Another challenge is in tomato-based pasta sauce. Being based off of tomatoes, tomato-based pasta sauces need to retain the acidity of the tomato, together with its sweetness and the tanginess of other herbs.
How well the sauce reacts to heat, how well it adheres to pasta, and how well it blends with other ingredients like mushrooms and fresh herbs are important characteristics that differentiate one brand of pasta sauce from another.
When switching out sugar for non-nutritive additives to achieve the 50 percent less sugar claim, the stability of the sweetener over a range of temperatures need to be taken into account, in addition to the texture, taste and mouth feel, common characteristics that a food producer considers.
Pasta sauce with 50 percent less sugar is another artificial sweetener success story that consumers are able to enjoy today.
Sucralose and stevia-based sweeteners are recommended for a variety of applications, ranging from sauces to dairy products. One of the applications of sucralose today is in stirred yoghurt.
Due to the increased stability and solubility of sucralose, it has been used for enhancing the taste profile of low fat, low sugar stirred yoghurt. The sweetener was so well integrated into the yoghurt that the yoghurt received excellent feedback on the taste profile and texture.
The application of sucralose can be further extended to sugar-free, textured drinks, such as the oat breakfast drink.

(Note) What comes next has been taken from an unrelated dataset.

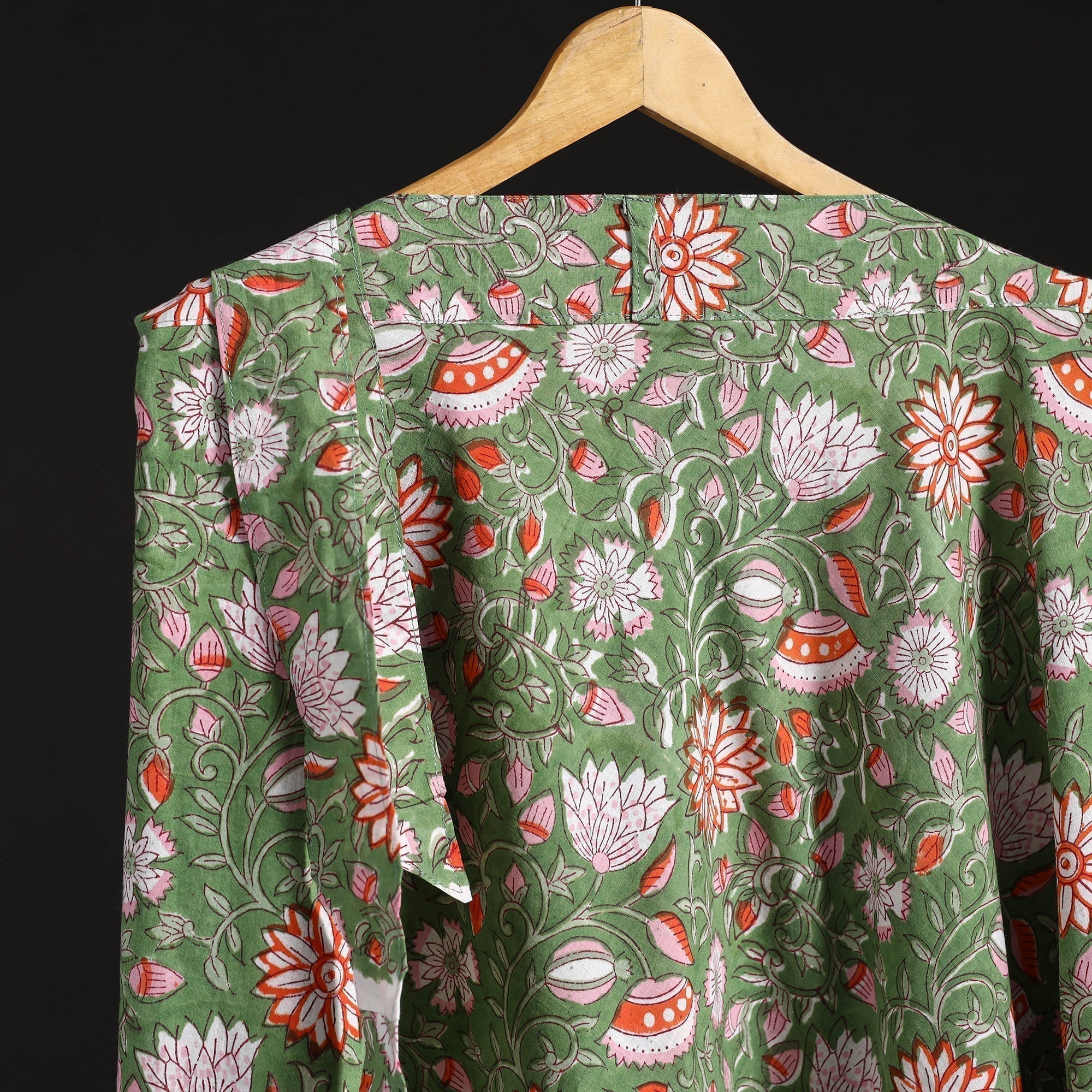 Green - Sanganeri Hand Block Print Cotton Wrap Around Skirt 83

A drink popular with today’s on-the-go consumers, the key to oat drinks lies in the taste and mouth feel of oat, its solubility in water, and its performance as a meal substitute for the busy professionals.
Using homogenisers and the batch process (in production plants, a UHT is normally used), there have been success stories of sugar-free, reduced-calorie drinks made with artificial sweeteners, even dairy-based drinks.
There undoubtedly exist many more opportunities for the use of sweeteners in food that consumers partake of on a daily basis. Consumers of today do not want to sacrifice great taste for lower calories, and non-nutritive sweeteners, formulated to complement the existing product, appear to be the way forward for the food industry.
As the obesity problem becomes more serious, there will be more consumers looking for a solution to food that is lower in calories, yet retains the same great taste. It is the opportune time for food producers to start looking into how non-nutritive sweeteners can play a role to help them achieve the low-fat, low-sugar edge in the increasingly calorie-conscious consumer market.
As consumers start to learn more about studies that debunk the common idea that artificial sweeteners are bad for health and start believing in the advantages that non-nutritive sweeteners bring, the market for low-sugar, low-fat products enhanced with non-nutritive sweeteners will grow. There is no better time to start exploring the applications of non-nutritive sweeteners than now.